§ **ASSIGNMENT**
Set down each line of the material that follows, exactly, with no pictures.

§ **DATA PROVIDED**
*** Begin section ***
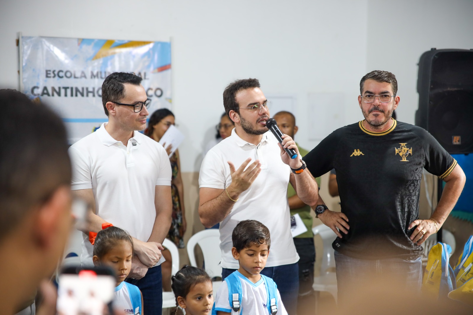 O prefeito André Castro (PP) e a primeira-dama, Maria da Guia, acompanharam a distribuição. O objetivo é padronizar e identificar os alunos da rede, além de oferecer mais conforto no ambiente escolar.
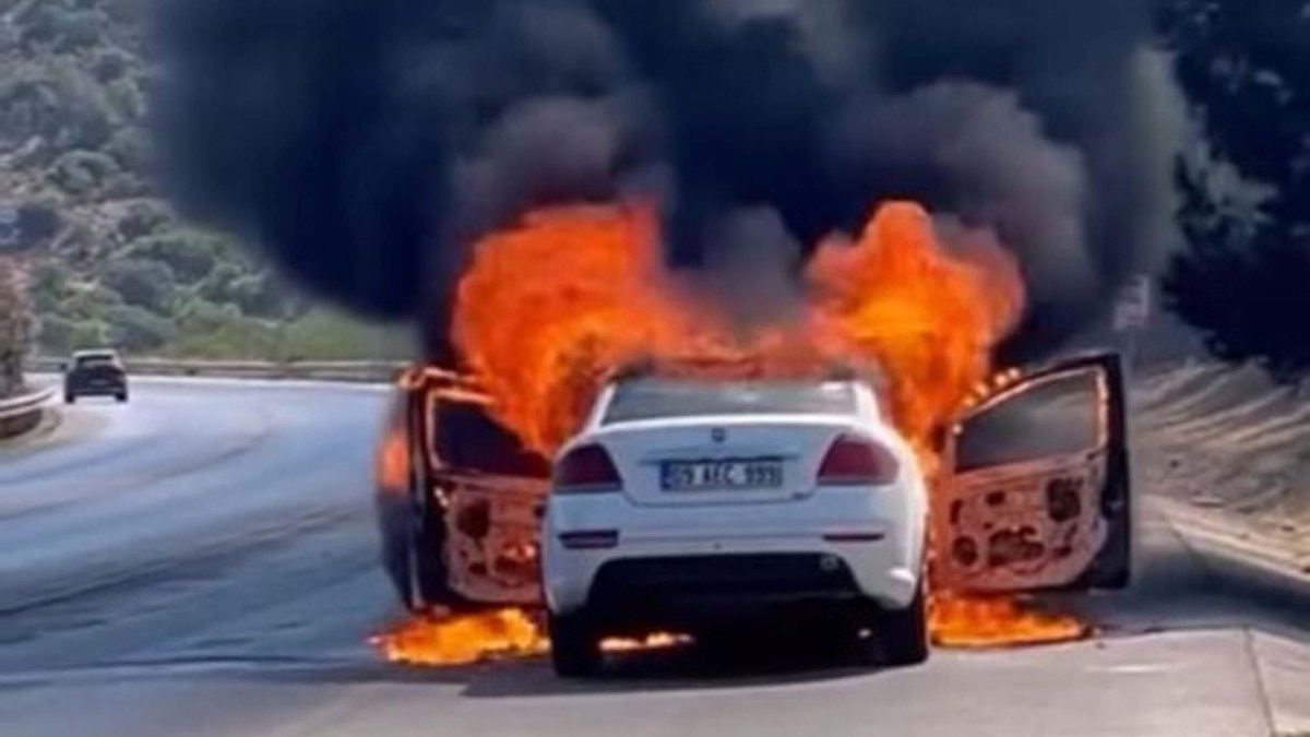 İzmir-Çeşme Otoyolu'nda İzmir yönüne giden otomobil, saat 11.30 sıralarında Güzelbahçe mevkiine geldiğinde alev aldı.
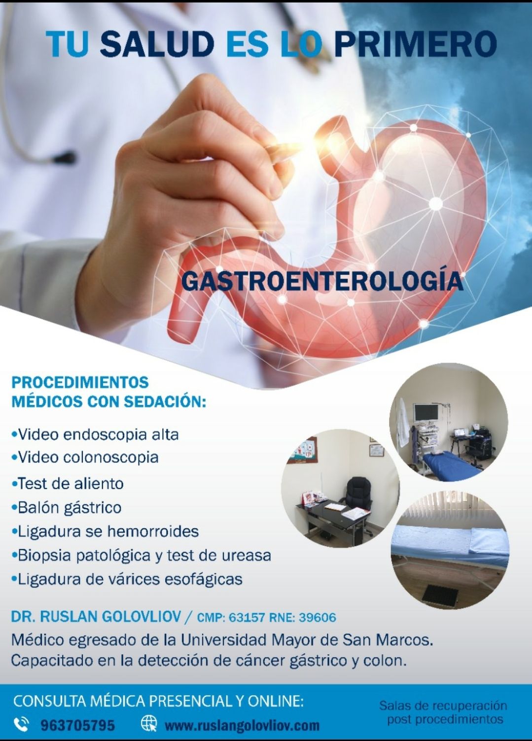 - Médico Gastroenterologo egresado de Universidad Mayor de San Marcos
*** End section ***
§ **OUTPUT**
 O prefeito André Castro (PP) e a primeira-dama, Maria da Guia, acompanharam a distribuição. O objetivo é padronizar e identificar os alunos da rede, além de oferecer mais conforto no ambiente escolar.
 İzmir-Çeşme Otoyolu'nda İzmir yönüne giden otomobil, saat 11.30 sıralarında Güzelbahçe mevkiine geldiğinde alev aldı.
 - Médico Gastroenterologo egresado de Universidad Mayor de San Marcos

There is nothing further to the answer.